CVS Caremark Corp. said Tuesday its profit rose 4.5 percent in the first quarter on improvement at both its drugstores and its pharmacy benefits management business.
CVS also raised the low end of its profit forecast for the year, pointing to its first-quarter results and confidence about its performance for the rest of the year.
But its reduced its revenue expectations, saying total revenue will be equal or slightly lower than its 2009 results. It said that was because of the weak flu season.
Its shares dropped 67 cents, or 1.8 percent, to $36.41 in morning trading.
Despite the weak flu season and bad weather, revenue at CVS drugstores rose 4 percent. Revenue rose 3 percent at the Caremark pharmacy benefits management business although it lost several major contracts at the end of 2009 and some lost Medicare Part D prescription drug business.
The company said it earned $771 million, or 55 cents per share, for the three months ended March 31, up from $738 million, or 50 cents per share, a year ago. Excluding one-time items, the company said it earned 60 cents per share. That's 2 cents a share more than analysts expected, according to a survey by Thomson Reuters.
CVS said its legal costs decreased, and it spent less money integrating the Longs Drugs Stores network, which it bought in early 2009.
CVS said total revenue edged up 2 percent to $23.76 billion from $23.4 billion a year agio. Analysts expected revenue of $24.12 billion.
The company runs 7,063 drugstores around the country, about 400 hundred less than rival Walgreen Co. CVS said sales at stores open at least a year rose 2.3 percent. At those stores, pharmacy revenue grew 3.7 percent as more customers filled prescriptions through Caremark's Maintenance Choice program, which allows members to pick up 90-day prescriptions at stores or have their orders delivered by mail. Because of the weak flu season and tough winter weather, nonpharmacy sales at stores open at least a year fell 0.7 percent.
CVS said the Longs Drugs Stores it acquired in 2008 also had weaker sales.
At the Caremark pharmacy benefits management unit, revenue rose 3 percent to $11.84 billion. CVS said its results got a boost from an accounting change related to RxAmerica, the pharmacy benefits unit run by Longs. Caremark filled 132 million retail network claims in the first quarter, down by about 15 million.
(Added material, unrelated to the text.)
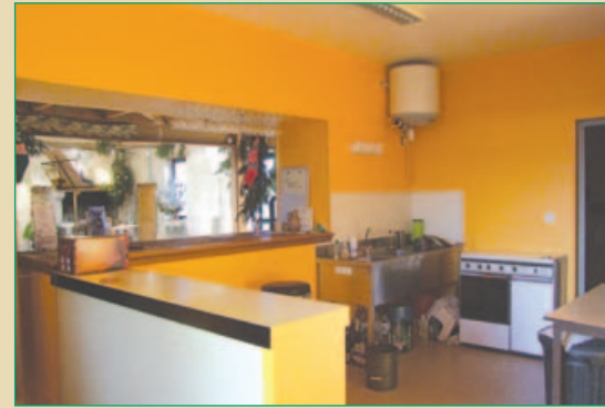
Cuisine équipée et coin repas.

The company said that total decreased because it was less successful in bidding for Medicare Part D drug coverage business.
In November, CVS disclosed that Caremark had lost contracts worth a total of $4.8 billion in 2010. A month earlier, it said it would lose coverage of about 500,000 members who were eligible for both Medicare Part D and Medicaid, which cost it another $1.7 billion in revenue.
CVS said 15.5 million claims were filled through the mail in the first quarter. That was down from a year ago because of the contract losses.
CVS Caremark now expects an adjusted profit of $2.77 to $2.84 per share this year, compared to a previous range of $2.74 to $2.84 per share. The company said revenue will be flat or down as much as 2 percent compared to last year. The company reported $98.73 billion in revenue in 2009.
Analysts expect $2.79 per share and $99.19 billion in revenue on average.
The company forecast an adjusted profit of 66 cents to 68 cents per share in the second quarter and said revenue will fall 2 to 4 percent from the $24.87 billion it reported in 2009. That suggests $23.88 billion to $24.37 billion. Analysts expected 68 cents per share and $24.72 billion in revenue.
CVS opened 48 retail stores during the quarter, and closed 10 stores and two specialty pharmacies. It relocated 53 stores. In addition to its retail locations, CVS runs 47 specialty pharmacies, in addition to mail order pharmacies. Its stores are spread across 44 states, Washington, D.C., and Puerto Rico.